Facebook, which faces crises on multiple fronts amid the spread of false news, hate speech and foreign election interference, is growing at a breakneck pace. Some working mothers with supportive managers are able to negotiate more flexible work schedules, but much depends on the job and the team, prompting some Facebook moms to leave the company.
It's not just the demanding hours. Soaring housing prices near Facebook's Silicon Valley headquarters force employees into lengthy commutes that extend their workday by as much as four hours.
The 40-mile trek from Berkeley to Menlo Park ran one hour and forty minutes each way for Khuner and was one critical factor in making what she says was the hardest decision of her life: choosing between her dream job and her child.
Khuner, who was pregnant when Facebook hired her and read "Lean In" while on leave, told fellow employees about her decision to walk away from Facebook on an internal message board. "I wrote: I love this place and I know that we can do things that people never thought possible and this is a problem we can solve," she says.
In the ensuing discussion, Sandberg explained that Facebook management could not give working parents more flexibility without putting too much strain on other employees. Khuner, her baby sleeping on her chest, attended a weekly Q&A with Facebook staffers, where she says Zuckerberg told her he would like to offer more options for working parents but couldn't yet.
Some Facebook moms agreed. "I am here to hustle, and so are the people around me," one wrote in the Facebook group for moms in tech. "Given that's where the culture is coming from, I'm not surprised it's hard for them to add in part-time jobs. ... I think the problem is not the lack of Facebook workplace policies but the lack of longer leave in the U.S. for all parents."

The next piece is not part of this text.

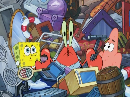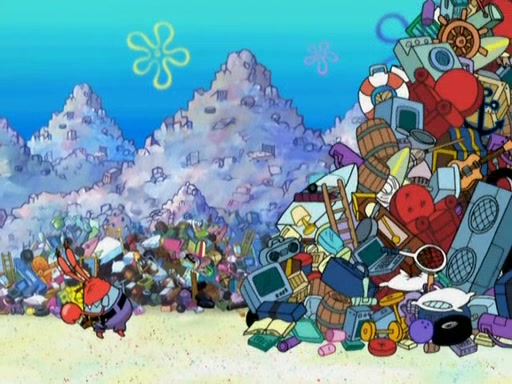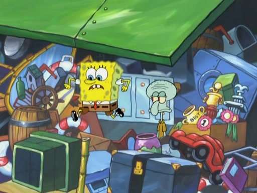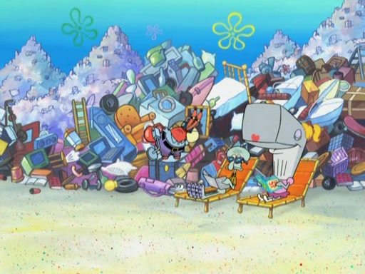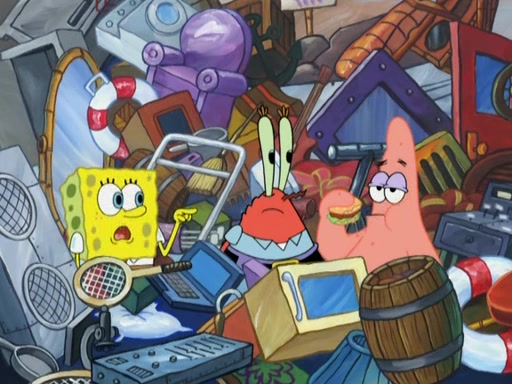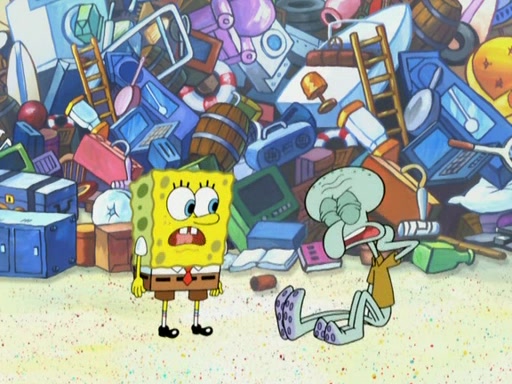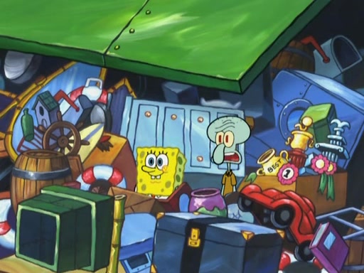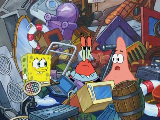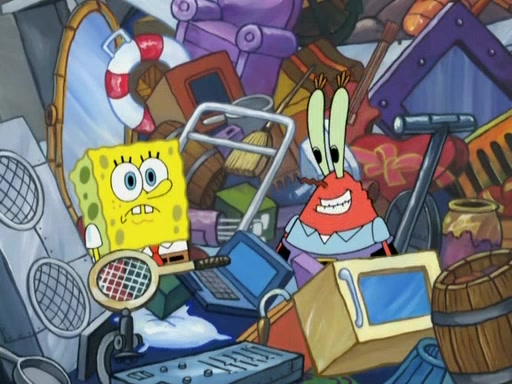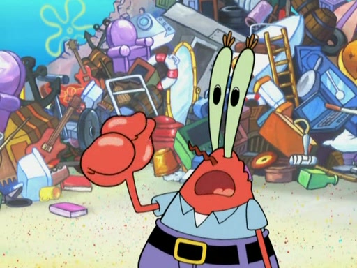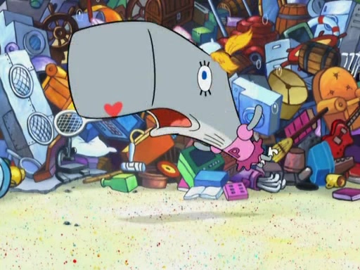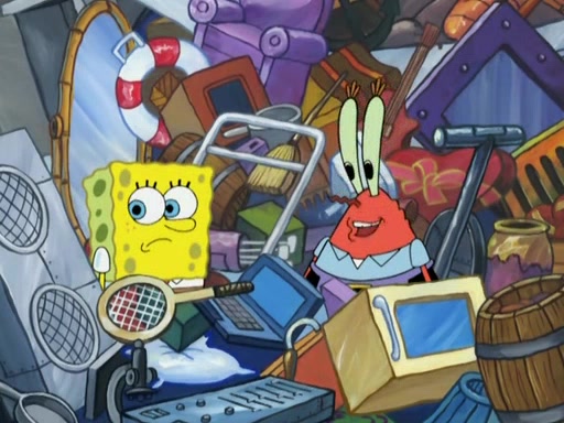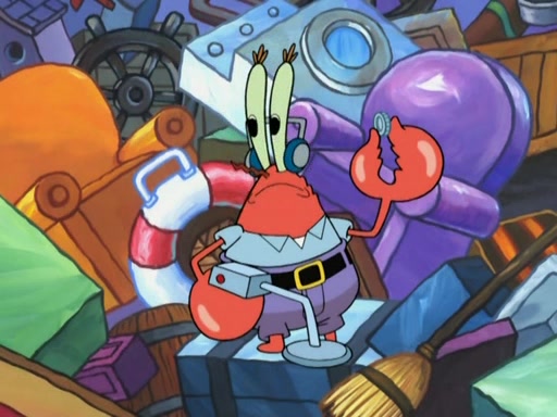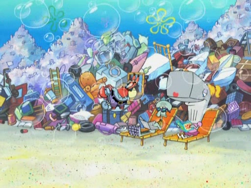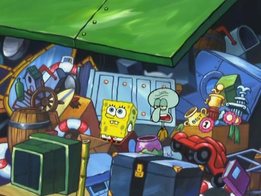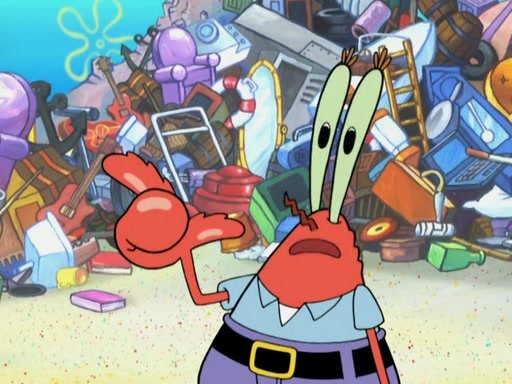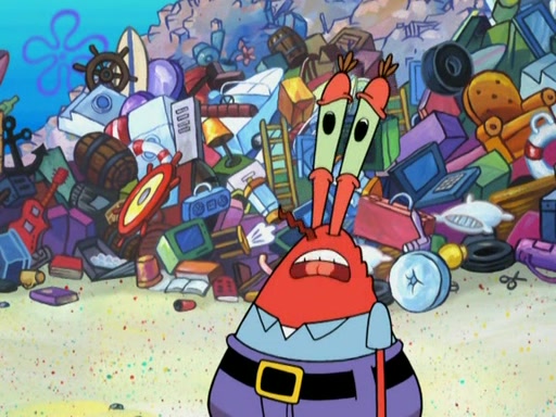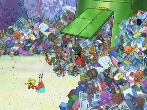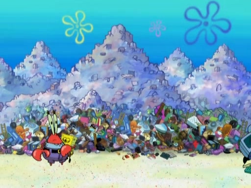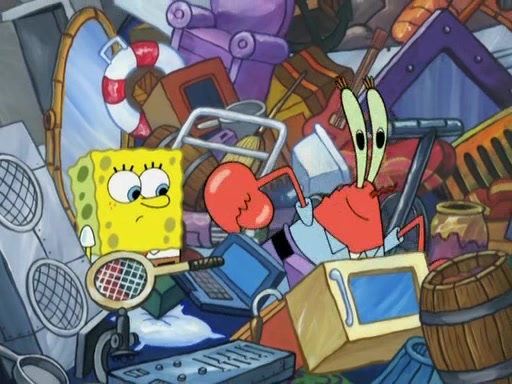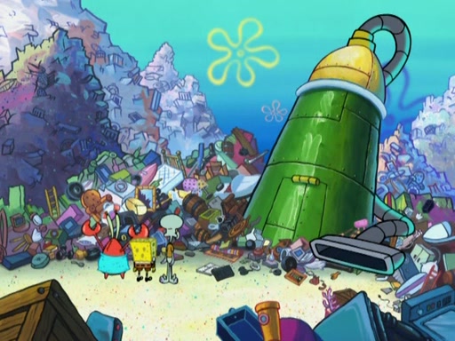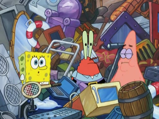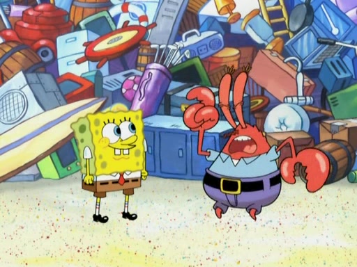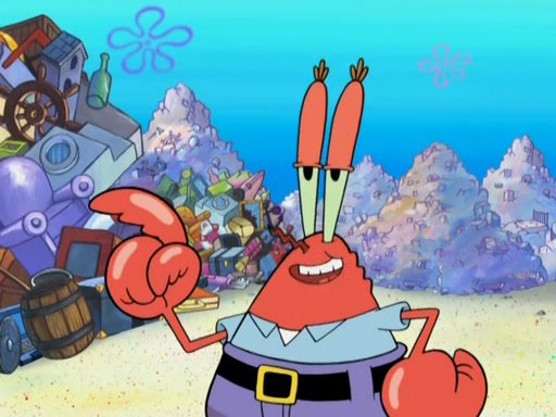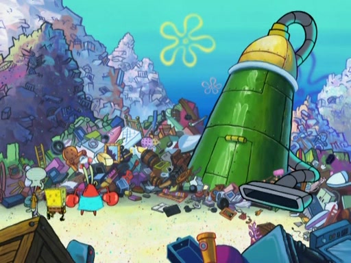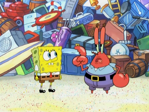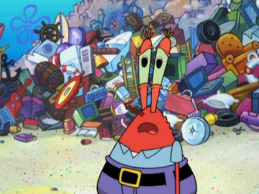 One night in Bikini Bottom, a mysterious fog appears and the voices of mermaids are heard. That morning, SpongeBob realizes his alarm clock, Gary's shell, Squidward's clarinet, Patrick's cuff links, and Mr. Krabs are missing. While investigating, SpongeBob, Squidward, and Patrick are sucked into the triangle. They find Mr. Krabs, who tells them that he loves all the piles of "resellable stuff." He realizes that Pearl is left alone at the Krusty Krab with all his money, but she gets transported to the triangle too.

Khuner's post to her fellow Facebook employees drew thousands of reactions and hundreds of comments. A few employees were critical, pointing out that Facebook offers far more than other companies and industries, but others, even some who did not have children, rallied behind her.
"Thank you for sharing, as I literally tear up at my desk. This captured so many of my fears and anxieties as a new female employee," wrote one woman.
"I finally feel like I'm not the only one facing this problem," wrote the mother of a 7-week-old baby.